Title: 奈米球微影術製作奈米銀顆粒陣列於表面增強拉曼散射生物感測應用
Biological application of SERS based on silver nanoparticles arrays farbricated by using nanosphere lithography
Authors: Wen-Chi Lin
林汶志
Contributors: NTOU:Institute of Optoelectronic Sciences
國立臺灣海洋大學:光電科學研究所
Keywords: 表面增強拉曼散射;奈米球微影術;奈米顆粒;時間頻域有限差分法
SERS;NSL;nanoparticles;FDTD
Date: 2010
Issue Date: 2011-07-04
Abstract: 本論文為使用奈米球微影術(NSL)製作表面增強拉曼散射(SERS)基板並探討其靈敏度,我們使用直徑為430nm 至 1500nm的聚苯乙烯奈米球製作了AgFON結構,並將銀膜厚度控制在120nm,從觀測R6G分子在表面增強拉曼散射(SERS)的表現,我們發現表面增強拉曼散射增強因子隨著聚苯乙烯奈米球的尺寸變化會有最佳化的趨勢,在使用奈米球直徑為1000nm與激發波長為532nm時表面增強拉曼散射的增強因子(EF)最強為4.3×106。

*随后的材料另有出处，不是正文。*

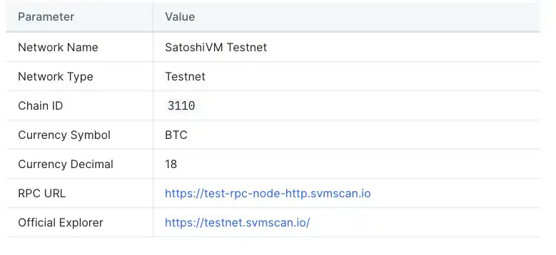 MetaMask 已经自动添加了以太坊 Sepolia 网络的配置信息。而 SatoshiVM Testnet 的配置信息如下:网络名称为 SatoshiVM Testnet,网络类型为 Testnet,链 ID 为 3110,货币符号为 BTC,货币十进制为 18,RPC 网址为 https://test-rpc-node-http.svmscan.io,官方浏览器地址为 https://testnet.svmscan.io/。主网网络的详细信息将在正式启动后公布。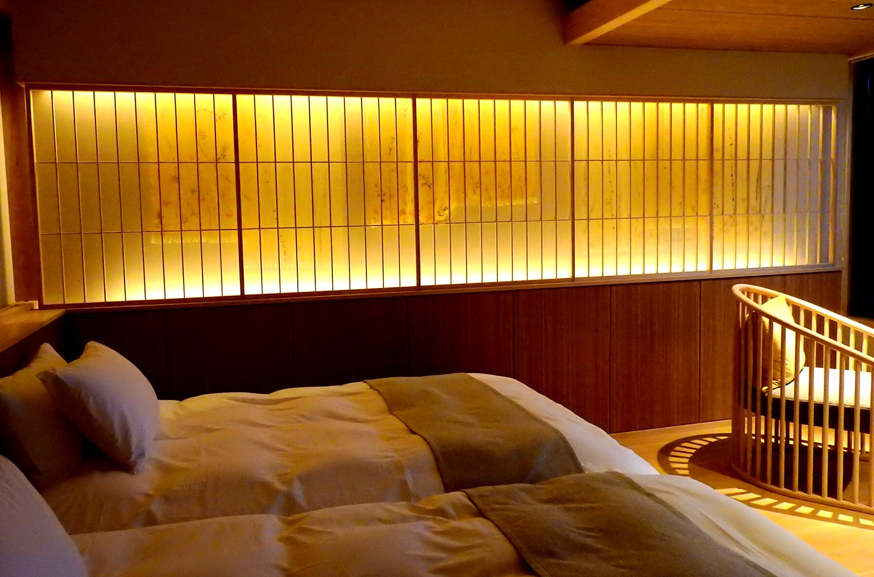 エグゼクティブフロア「黄昏(こうこん)」と「東雲(しののめ)」が8・9階に誕生。いずれの部屋もオーシャンビューのベッドタイプの客室として整備。各フロアに1室ずつ設けたデラックスコーナールームは、出船入船が行き来する開けた海、フェリーが停泊する西郷港、港周辺の風情ある街並みの3面パノラマビューが広がり、海の風景を楽しめる半露天風呂も設えました。また、隠岐の島の情景や四季の移ろいを感じていただけるよう、客室名も隠岐の島の自然からインスパイアされた名称としています。フロアには隠岐の黒松ネームプレートを設置、客室には隠岐諸島:西ノ島の土で美しく染め上げた綿のストールや、島後の大工手作りの茶器トレイなどを設え、隠岐の島を感じる宿泊体験をご提供いたします。

透過3D時間頻域有限差分法(FDTD )模擬計算AgFON結構的電場分佈,模擬結果發現當奈米球的直徑為1000nm時會有最強的侷域電場在圓球型的金屬顆粒表面,因而增強了拉曼散射的訊號。 經由調整奈米銀顆粒的大小與高度達到控制表面增強拉曼散射(SERS)的強度,使用奈米球微影術(NSL)結合反應離子蝕刻(RIE)在玻璃基板上形成堅固的奈米銀顆粒陣列,同時選擇尺寸為430nm至800nm的聚苯乙烯奈米球製作奈米銀顆粒陣列,並藉由蒸鍍不同銀膜厚度(75nm~150nm)後使用舉離法(Lift-off)將奈米球從表面移除來改變顆粒高度。當我們使用的聚苯乙烯奈米球的尺寸變小與蒸鍍的高度變高時表面增強拉曼散射的增強因子會有很強的提升,在此實驗上,當奈米球的尺寸為430nm與實際上蒸鍍的銀膜高度為96nm時表面增強拉曼散射可以提升至2×106,透過拉曼掃描我們也證明了在奈米銀顆粒陣列上存在有侷域表面電漿共振效應而放大拉曼散射的強度。 另外,我們也將此基板應用於生物量測,目前利用光學研究河魨毒(TTX)特性是很少的,我們使用奈米銀顆粒陣列與表面增強拉曼散射(SERS)技術研究河魨毒拉曼光譜,奈米銀顆粒陣列是用奈米球微影術(NSL)與舉離法(Lift-off)製作並且可以控制奈米顆粒的大小、形狀與奈米顆粒的間距。我們也利用Gauissan03模擬軟體和使用密度泛涵理論(DFT)計算出河魨毒的拉曼光譜與振動模式,而河魨毒主要的影響是河豚毒結構裡的NH2群組與人體的鈉通道(sodium channel)結合而導致人體麻痺,在此我們針對河魨毒的NH2群組分析出拉曼光譜振動模式。在SERS的實驗裡,我們可以量測出河魨毒的濃度最低為0.9ng/mL,這個結果已經和高效液相層析儀(HPLC)的靈敏度相同了,而在組織胺的實驗中,我們分別量測了L-histidine與histamine的一般拉曼光譜與表面增強拉曼光譜,而最低可以量測的濃度為10-10M,再次證明了表面增強拉曼散射感測系統的高靈敏度與即時量測等多項優點。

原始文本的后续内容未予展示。